*TASK DESCRIPTION*.
Would you write out the entries below word for word, omitting the pictures?

++++ RECORDS PROVIDED

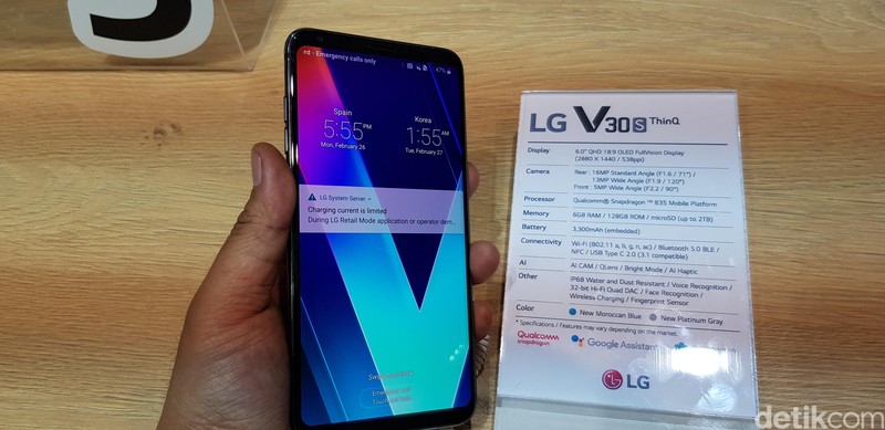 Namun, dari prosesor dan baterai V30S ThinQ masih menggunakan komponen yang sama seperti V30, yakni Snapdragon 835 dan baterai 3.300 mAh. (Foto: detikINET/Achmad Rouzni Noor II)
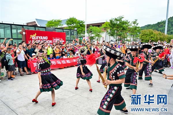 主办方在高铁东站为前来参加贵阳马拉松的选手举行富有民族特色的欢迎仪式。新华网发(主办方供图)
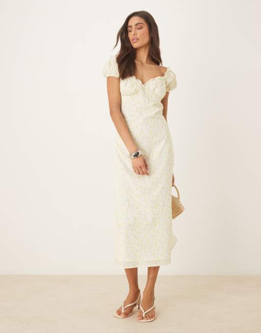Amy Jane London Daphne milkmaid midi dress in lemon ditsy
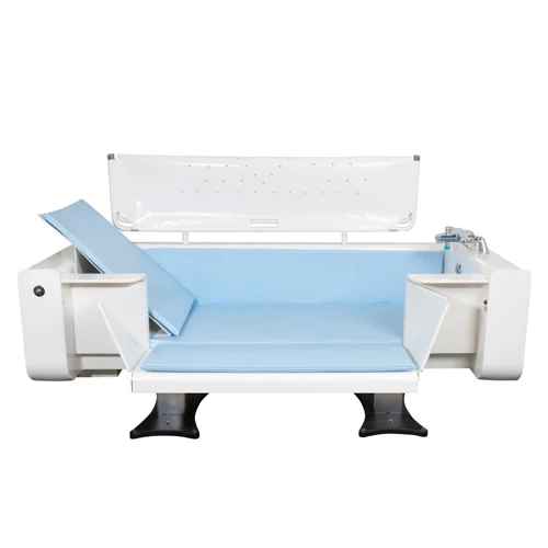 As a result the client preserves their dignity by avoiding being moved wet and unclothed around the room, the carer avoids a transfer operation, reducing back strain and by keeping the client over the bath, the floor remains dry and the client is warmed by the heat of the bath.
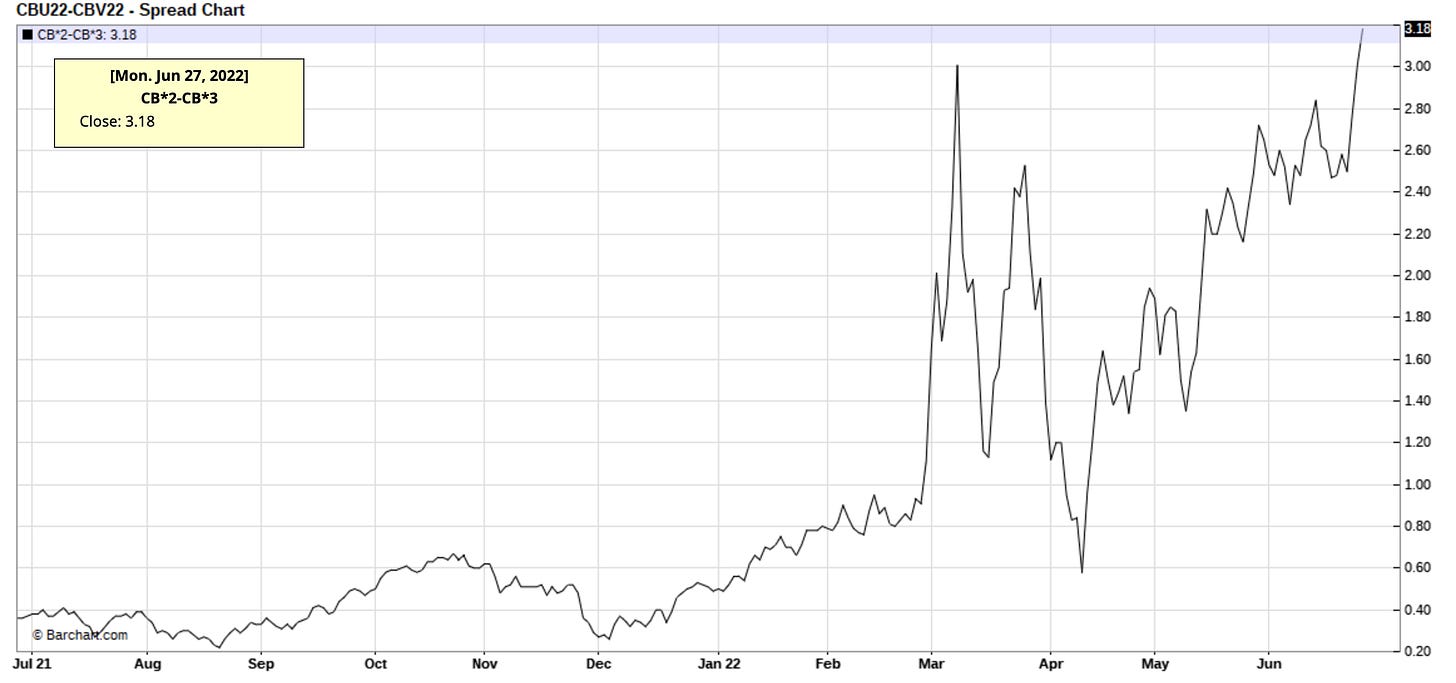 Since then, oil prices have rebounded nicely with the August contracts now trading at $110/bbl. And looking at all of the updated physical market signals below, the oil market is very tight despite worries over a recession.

++++++++

*FINISHED TASK*.
 Namun, dari prosesor dan baterai V30S ThinQ masih menggunakan komponen yang sama seperti V30, yakni Snapdragon 835 dan baterai 3.300 mAh. (Foto: detikINET/Achmad Rouzni Noor II)
 主办方在高铁东站为前来参加贵阳马拉松的选手举行富有民族特色的欢迎仪式。新华网发(主办方供图)
Amy Jane London Daphne milkmaid midi dress in lemon ditsy
 As a result the client preserves their dignity by avoiding being moved wet and unclothed around the room, the carer avoids a transfer operation, reducing back strain and by keeping the client over the bath, the floor remains dry and the client is warmed by the heat of the bath.
 Since then, oil prices have rebounded nicely with the August contracts now trading at $110/bbl. And looking at all of the updated physical market signals below, the oil market is very tight despite worries over a recession.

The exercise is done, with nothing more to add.